Another gesture of individuality can be seen in the way, the cultural and political histories of the three institutions are reflected in the way Höfer has photographed them, in what she finds in them. For example, Höfer exposes the age, the layers of history of the Neues Musem, Berlin by drawing our attention to the literal layers of history on the walls of the building. We see freshly laid plaster, centuries old frescos, over bricks and marble, tiles, and gilted ornamentation from still different eras seemingly laid over one another at random. This layering of centuries and cultures, is of course a literaliztion of the palimpsestic history of the city of Berlin. And all this in a museum puzzlingly called Das Neues Museum, the New Museum.

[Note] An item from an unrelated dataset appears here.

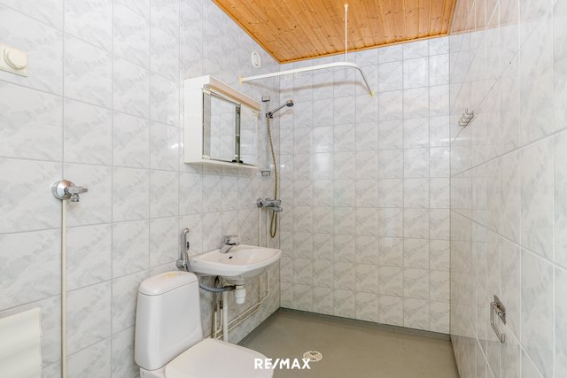 - WC-istuin, suihku, pesukoneliitäntä, peilikaappi, pesuallas, ja bidee-suihku
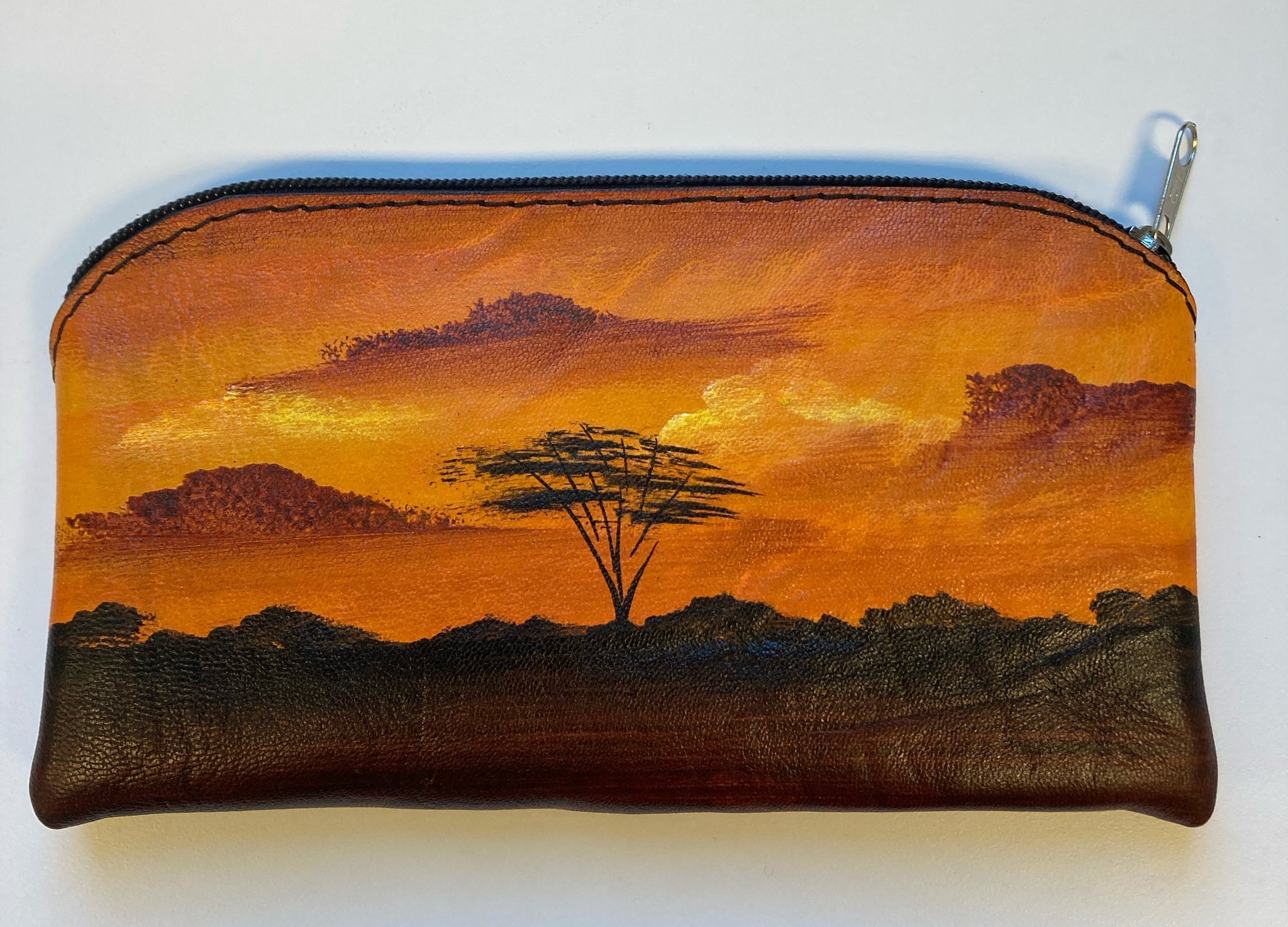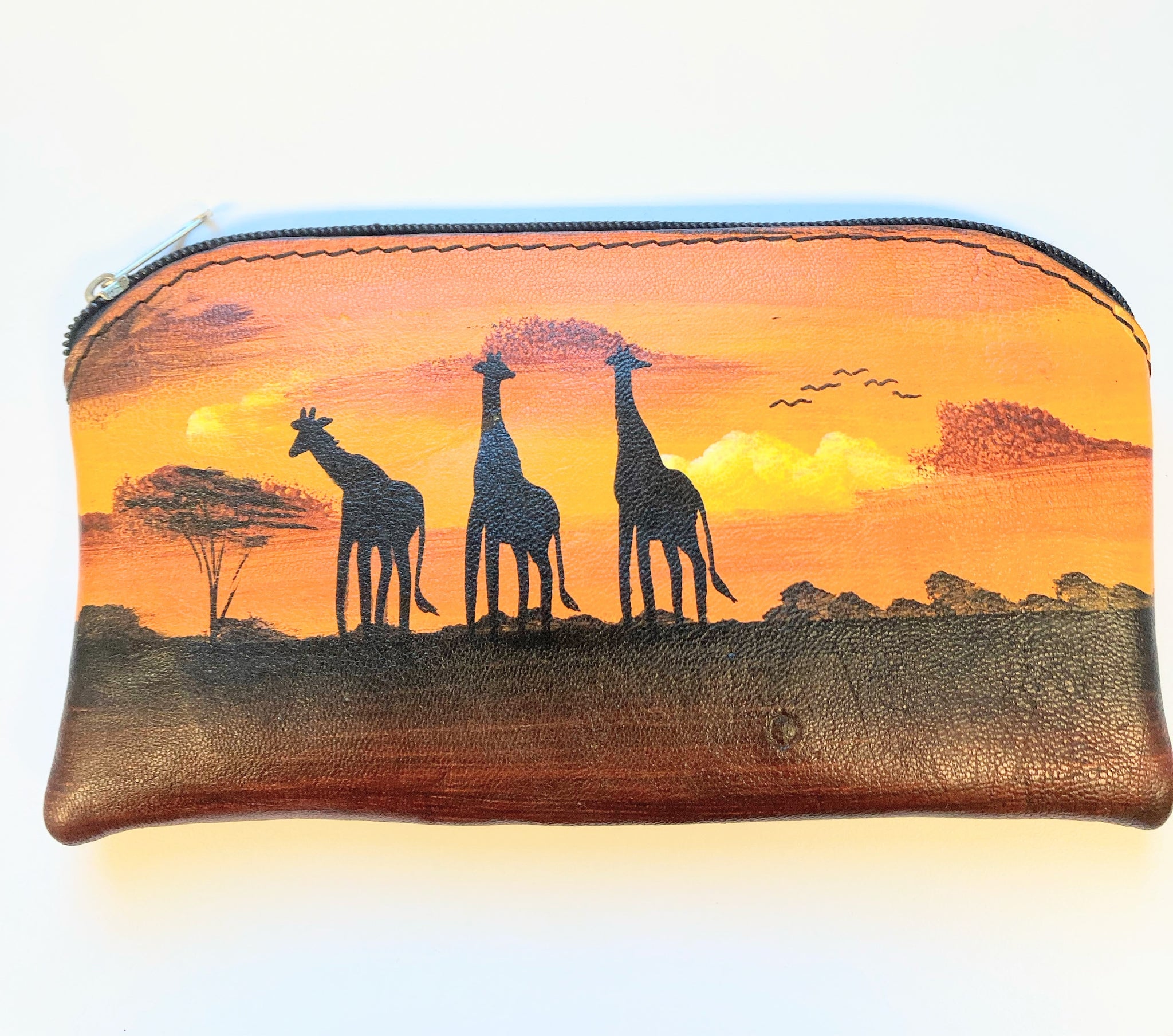 Hand painted purse featuring scenes from Kenya.

Candida Höfer, Archivo di Stato Napoli I, 2009
Similarly, the State Archive in Naples with shelf upon shelf of tattered files, consecutively numbered and even though there is some writing on them, it is too faint for us to read. We don’t know what room we have entered, we don’t know if these are the files of murder cases or paleographic discoveries. If there is anything personal about the files, we have no access to it. It’s interesting to compare the organization of the files in the Naples State Archive and that in the Sevillan repository. Because despite the careful consecutive numbering in Naples, in Höfer's images there is something very disheveled about these files. They are of different sizes, their paper containers placed unevenly along the shelves, and again in a what for Höfer might be thought of as a radical gesture, in the second photograph (not pictured here) she has photographed them laterally, rather than in diminishing perspective. The sense of infinity continues off the right and left sides of the frames rather than into the background of the image, and thus emphasizes our inability to fathom this archive. Just as we might have the feeling of being locked inside the archives in Seville, we feel very shut out from the historical and cultural secrets in Naples.

Ultimately, taken as an exhibition, as photographs more or less given meaning by their display at Yvon Lambert, the images in Erinnern do, as the press release promises, offer an entirely new experience of these spaces. As we scrutinize the details of each image, the files in Seville and the walls, ceilings, floors and window frames in Berlin, we are invited to see what we would otherwise ignore entirely on our path through a space inviting us to look elsewhere — be it inside the files of an archive or at the works on display in the museum. In addition, Höfer’s images offer a unique experience of photography, an experience that has us hesitantly wondering where the reality of our own space ends and the representational begins.